Why Its in The Dave100... How could it not be? I'll get calls on this one, ranking it so low... then again, when one remembers the ewoks, I might get calls complaining its too high. While Return is the least satisfying of the original trilogy (though better than any that came after it), it has its moments... lots of them... the battle on Jabba's barge... Yoda's final stand... the Battle of Endor (yes, yes, even with the ewoks...)... the final duel between father and son on the Death Star...
Of course, there's something about what you know now, having seen Phantom Menace, Attack of the Clones and Revenge of the Sith, that kind of ruins what you only knew then in Return. Somehow, having seen Anakin only as a half-human, half-droid, turning from evil to good at the very end kind of takes a hit when you, through only the fault of having seen the latest three flicks, think of Jake Lloyd, mitachlorians, Hayden Christiansen and Amidala dying of... a broken heart??!!
But I would be totally remiss if I didn't say these four words... Princess.
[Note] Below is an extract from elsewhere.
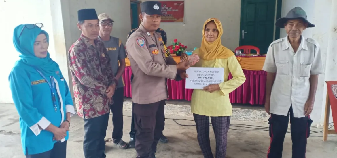 SiberZone.id - Bhabinkamtibmas Polsek Enggano bersama Kepala Desa Kahyapy dan serta pendamping lainnya mengawal pembagian bantuan langsung tunai dana desa (BLT-DD) kepada warga di Desa Kahyapu Kecamatan Enggano Kab. Bengkulu Utara, Jumat (16/06/2023).
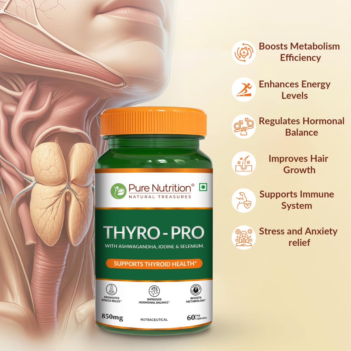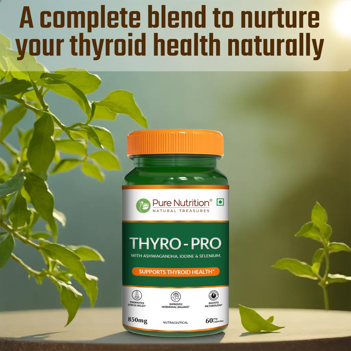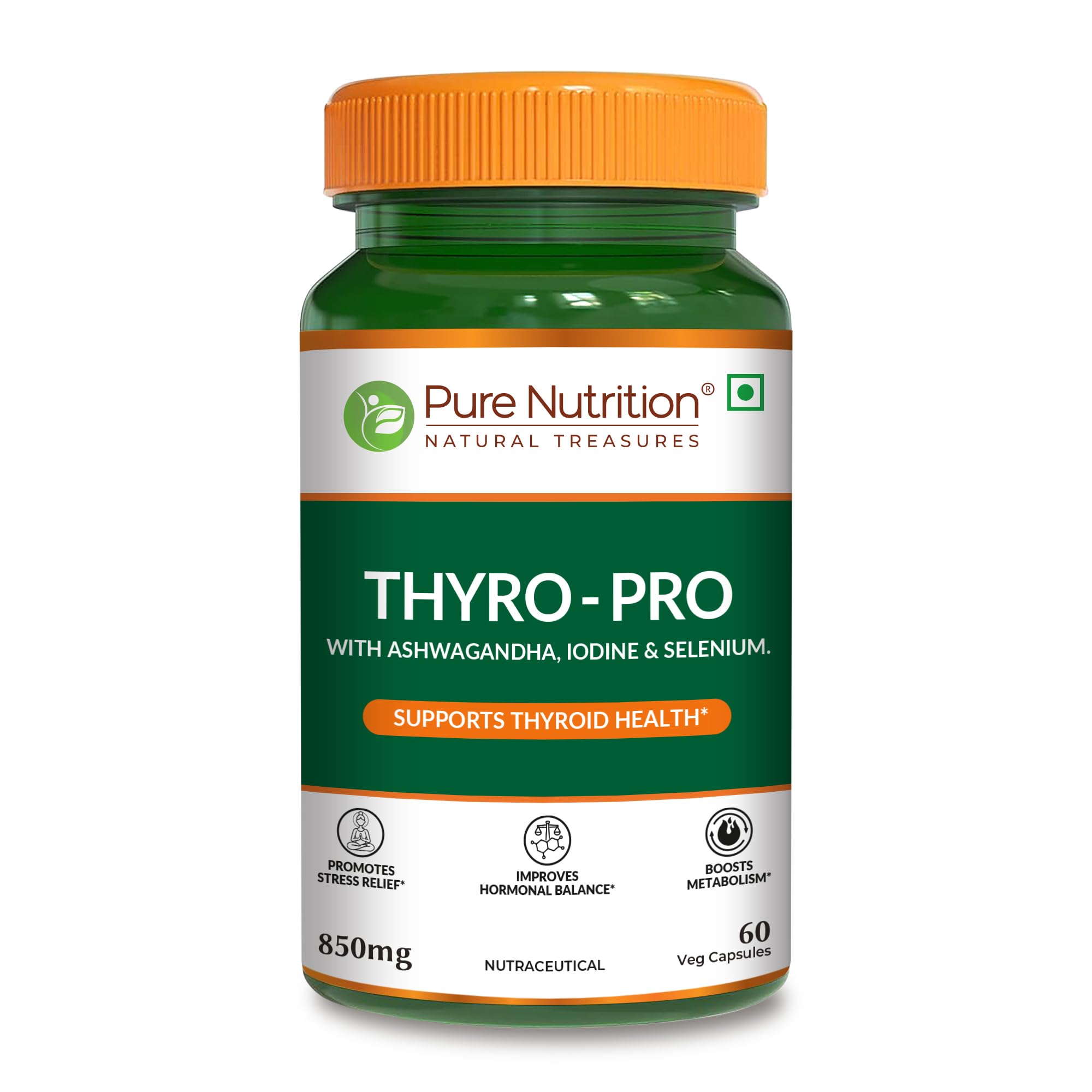 Pure Nutrition Thyro Pro is a powerful thyroid support supplement formulated with a blend of key ingredients like Ashwagandha Iodine and Selenium. These ingredients work together to promote hormonal balance support healthy thyroid function. The addition of Ashwagandha helps reduce stress and promotes overall well-being. This 120-vegetable capsule bottle is designed to support energy levels and stress relief making it a great choice for anyone looking to maintain a healthy thyroid and balanced hormone

Leia. Gold. Bikini.
It seems that Carrie Fisher complained about her costumes in the previous two movies. She said they were so long, you could not tell "she was a woman". Those complaints led to the infamous gold bikini. The costume became something of a running joke among the crew, because the metal framework that held the top together meant that the costume didn't move well with her. Since Fisher didn't like the industry standard solution of using double-sided tape, it became necessary before each take to have a wardrobe person check to ensure that her breasts were still snug inside the costume top (and several scenes had to be re-shot when "wardrobe malfunctions" occurred). She's actually been quoted as saying, "When I bent over, you could see all the way to Ohio..."
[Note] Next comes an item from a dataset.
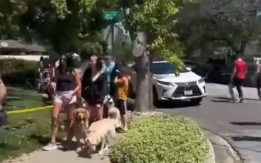 How much the puppy loves the golden retriever, look how excited the child is
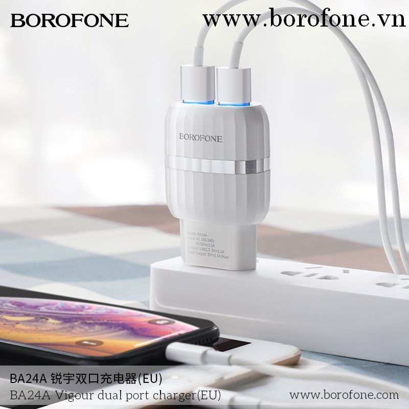 CỐC SẠC BOROFONE BA24A - 2 CỔNG USB

The gold bikini is legend. At the Star Wars Celebration III a few years back, we ran into a number of those very costumes--some of which should have worn them, some who should not have. It does have its own cult following, as exampled by this website (note the instructions that participants must be female)
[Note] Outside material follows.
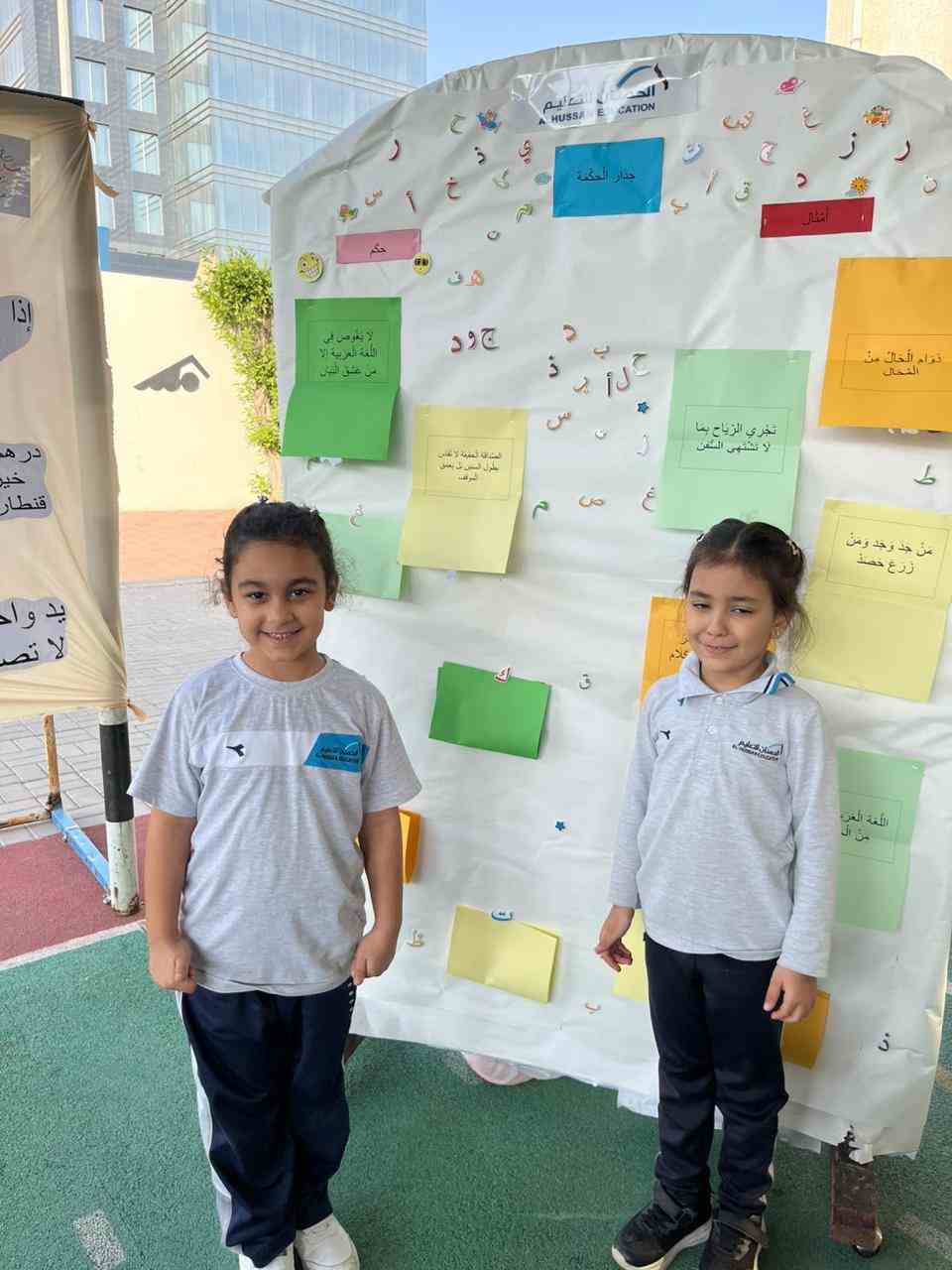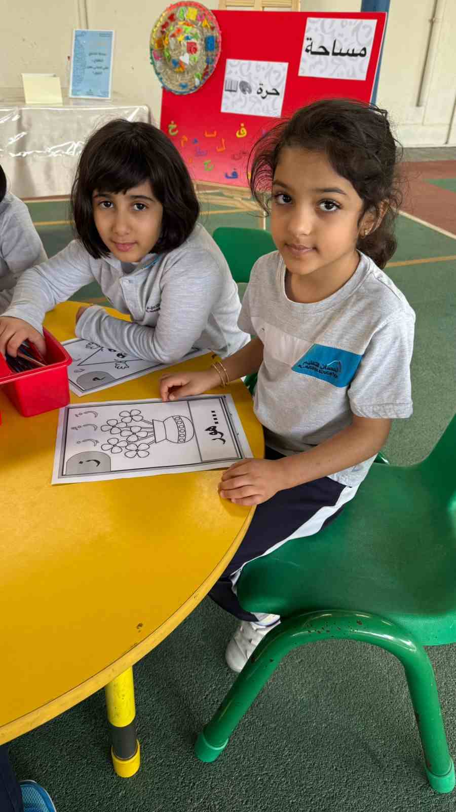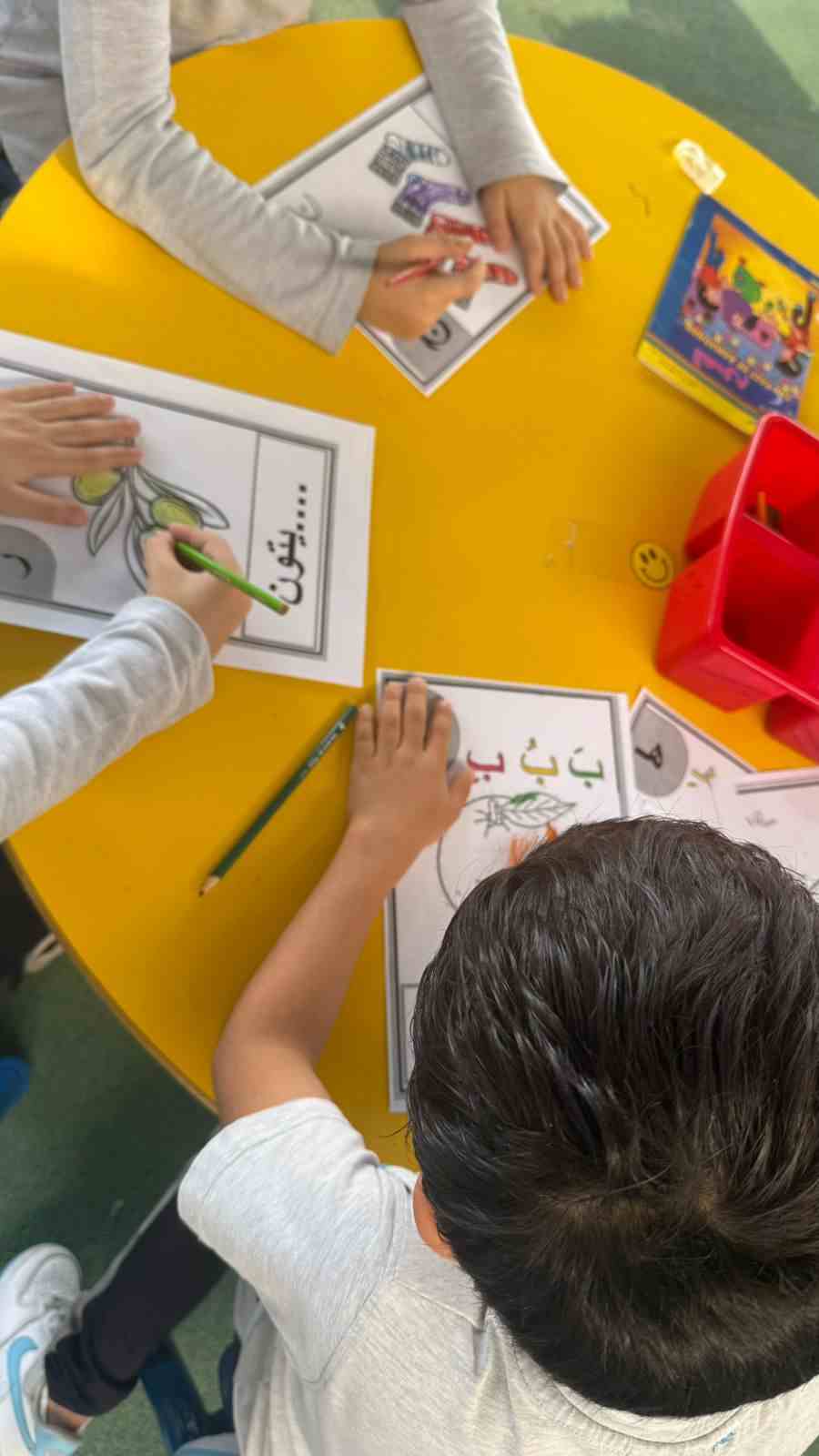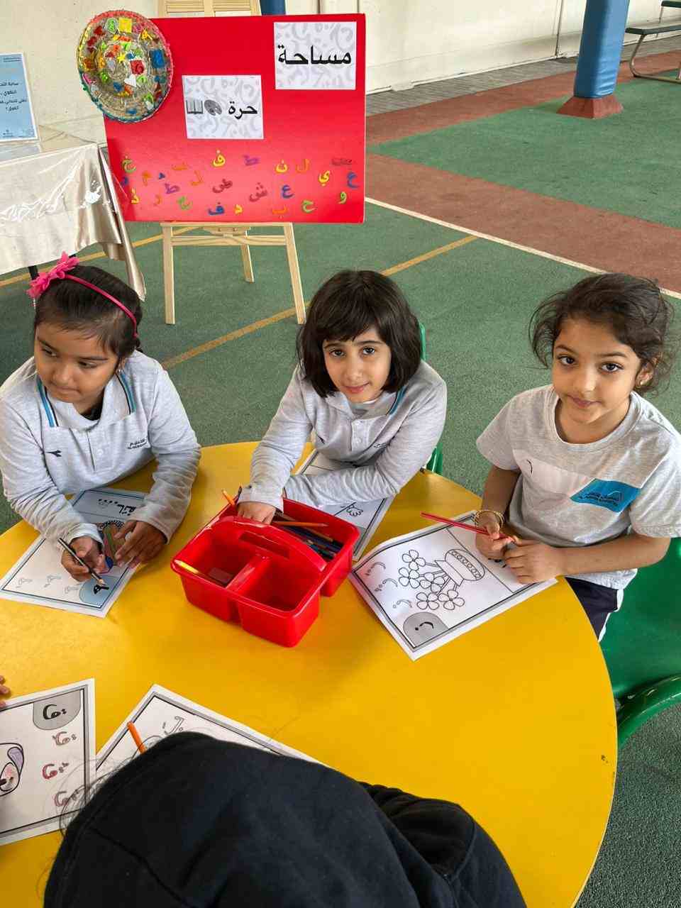 The activities included language games, songs, storytelling, and movement-based tasks, which supported the development of listening, speaking, reading, and writing skills in an enjoyable and age-appropriate way. Students showed high levels of enthusiasm and active participation, fostering a positive attitude toward learning Arabic.

Let's be real, here... for every guy who is about 30 to about 35, you know that you discovered the fairer sex not by the cute girl with pigtails in the schoolyard, or not by Ms. Martinez, the lovely teacher teaching you 2nd grade math... no, no... you learned about women from two women... Princess Leia and Daisy Duke. We didn't know what we would do with them, we didn't know what those things even were, we didn't know what made us oooh and ahhh at 7 years old... we only knew that Princess Leia and Daisy Duke were the most beautiful girls in the world. Well, them and Misty Kimble, in my 4th grade class, my first official real crush who wasn't a celebrity.
Random Trivia... Endor is the name of a place in the Bible; it's a village found in Biblical Israel's territory of Isaachar, where king Saul went on the eve of his final battle with the Phillistines and came across "The Witch of Endor". It also the Elvish name for Middle-Earth in J.R.R. Tolkien's "Lord of the Rings".
The first appearance of the Death Star was originally supposed to be in this episode. Lucas changed the Death Star in this movie to the Death Star Two (also known as "Live Free or Death Star") after having been forced to introduce the Death Star in the first STAR WARS movie due to budget cuts imposed by the studio.
And in a move that somewhat laid the groundwork for the next set of movies, it was during the making of "Return of the Jedi" that George Lucas fired his friend Gary Kurtz, producer for the first two movies. It seems that Lucas completely disagreed Kurtz's assurtion that audiences cared for the story, not just for the spectacle.

I could have this poster hanging in our guest room in The Cabana. It sold on eBay in one listing for $510. I will now go drink butane and eat a lit match.
Personal Story... I was 15 years old, it was 1990, and I was in Virginia, visiting my sister and her family. I was hanging out in the Coliseum Mall, in Hampton, and they were having this big movie memorabilia sale. I spent about an hour flipping through vintage movie posters, when I stumbled upon the one that said, "Revenge of the Jedi". This, of course, was the original name of "Return of the Jedi", changed because Jedi are not supposed to be the revenge-type. Anyway, the price tag said $15.00 on it. I had it in my hand, but because I didn't know how I would get it on the plane when I flew back to Atlanta, then to Dothan, I just put it back. Instead, I paid $5 for a 1960 copy of LIFE Magazine, with Audrey Hepburn on the cover. I regret putting that poster back. I regret it quite a bit.